EU agrees on MiCA regulation to crack down on crypto and stablecoins


Officials from the European Union have approved a landmark law that will make life more difficult for crypto exporters and service providers under a single new regulatory framework.

Stefan Berger, Member of the European Parliament and Rapporteur of the MiCA Act – the person designated to report on actions related to the bill – broke the news on Twitter, saying that a “balanced” agreement had been reached, making the European Union the number one continent with crypto-asset regulation.

According to the European Council, the interim agreement, known as the Markets in Crypto Assets (MiCA) framework, includes rules that will cover issuers of unsupported crypto assets, stablecoins, trading platforms and wallets where crypto assets are held.

Bruno Le Maire, the French Minister for the Economy, Finance, Industry and Digital Sovereignty, claimed that the landmark regulation “will put an end to the crypto wild west.”

Stablecoins tumbled
In the wake of Terra’s dramatic collapse, the MiCA regulation aims to protect consumers by “requiring” stablecoin issuers to build up sufficient liquid reserves.

In a Twitter thread, Ernst Ortasson, a member of the European Parliament, explained that reserves should be “legally and practically isolated” and should also be “fully protected in the event of insolvency.”

You will see a cap on stablecoins of €200 million in transactions per day.

Crypto Twitter users have already described the regulation as unenforceable, with 24-hour daily trading volume (USDT) at $50.40 billion (€48.13 billion) and USDC at $5.66 billion (€5.40 billion) at the time of writing. the report.

It will also be difficult to apply these rules to decentralized stablecoins, such as Dai (DAI).

The agreement came on the same day Circle launched its euro-backed stablecoin – Euro Coin (EUROC).

consumer protection
Crypto-asset service providers (CASPs) will be required to adhere to strict requirements aimed at protecting consumers and may also be held liable if they lose investors’ crypto assets.

Urtasun clarified that the exchanges will be required to provide a technical document for any tokens that do not have a clear issuer, such as Bitcoin (BTC), and will be responsible for any misinformation.

There will also be warnings to consumers about the risks of losses associated with crypto assets and fair marketing communications rules.

Market manipulation and insider trading are also in focus, according to a statement from the European Council:

“MiCA will also cover any type of market abuse related to any type of transaction or service, in particular for market manipulation and insider dealing.”
New Sheriff: ESMA
The interim agreement will also see CASPs need a permit to operate in the EU, with the largest CASPS being monitored by the European Securities and Markets Authority (ESMA).

ESMA is the independent securities markets regulator in the European Union, which was established in 2011.

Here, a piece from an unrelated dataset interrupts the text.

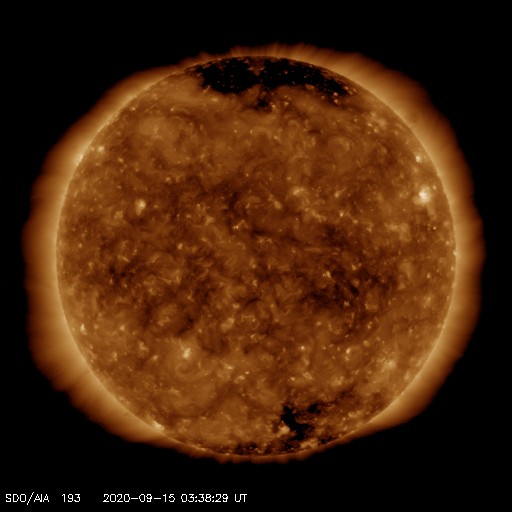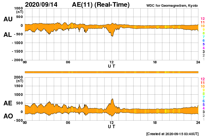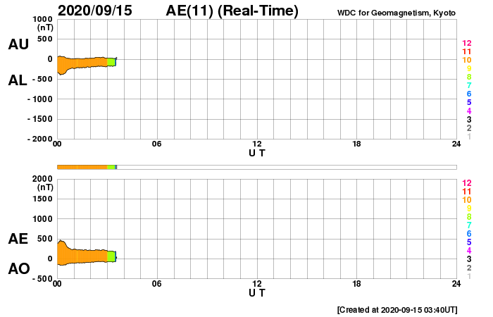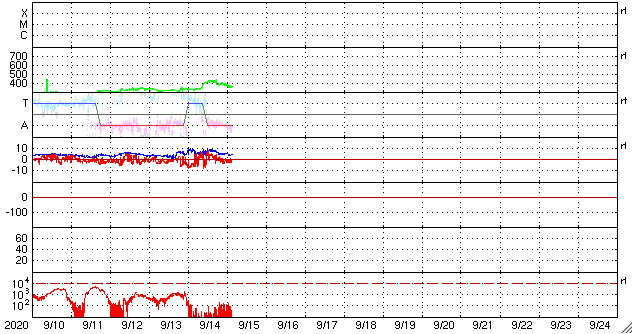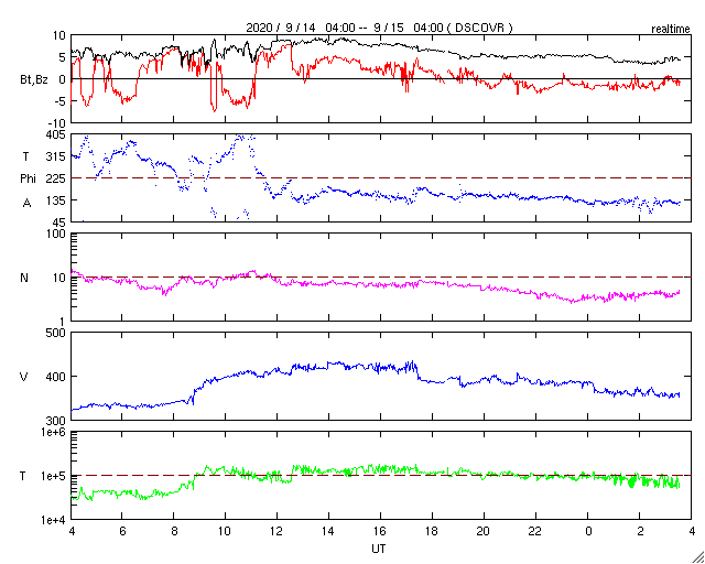2020/ 9/15 12:48 更新 太陽風の速度が少し高まりましたが、現在は低速に戻っています。 担当 篠原 太陽風の速度は、昨日の夕方に400km/秒へ上昇し、 420km/秒くらいまで高まった後、 今日の未明には下がり始めて、 現在は350km/秒と低速の風に戻っています。 全体としては小幅の変化です。 磁場強度も、速度が高まる頃に9nTへやや強まりましたが、 現在は4nTに戻っています。 磁気圏は穏やかな状態が続いていて、 AE指数は、速度が上昇した頃に 700nTの中規模の変化が起きていますが、 以降は特に変化なく、穏やかに推移しています。 太陽は、昨日、北西に見えていた小さい黒点は、 それ以上大きくなることはなく、 現在はほとんど見えなくなっています。 X線グラフも変化はなく、穏やかです。 ![]() SDO衛星のAIA193カメラによる太陽コロナの様子 (c) SDO (NASA) ![]() SDO衛星による太陽の可視光写真 (c) SDO (NASA) ![]() DSCOVRが観測した太陽風の磁場(1番上の枠、黒線は全体の強度、赤線は南北成分) および、太陽風の密度(3番目の紫線)、速度(4番目の青線) (c) データ:NOAA/SWPC、作図:宇宙天気ニュース ![]() AE指数(速報値) 下段のAEグラフの値が高くなると、オーロラ活動が活発化しています。 (c) 京都大学WDC ![]() ![]() 27日の太陽周期に合わせたデータプロット 太陽が同じ面を地球に向けていた27日前の変化から、今後を予想することができます。 (c) 作図:宇宙天気ニュース

The new law does not ban Proof of Work (PoW) technologies or include non-perishable tokens (NFTs) in its scope.

However, with regard to NFTs, the European Commission said it would look into this over the next 18 months and could create a “proportional and horizontal legislative proposal” to address emerging risks in the market if it deemed it necessary.

Related: Coinbase Seeks Strong European Expansion Amid Crypto Winter

“The next crypto asset policy framework in Europe will be to encrypt what the GDPR represents for privacy,” Circle’s Despart added.

The interim agreement is still subject to approval by the Council and the European Parliament before it is headed for formal adoption.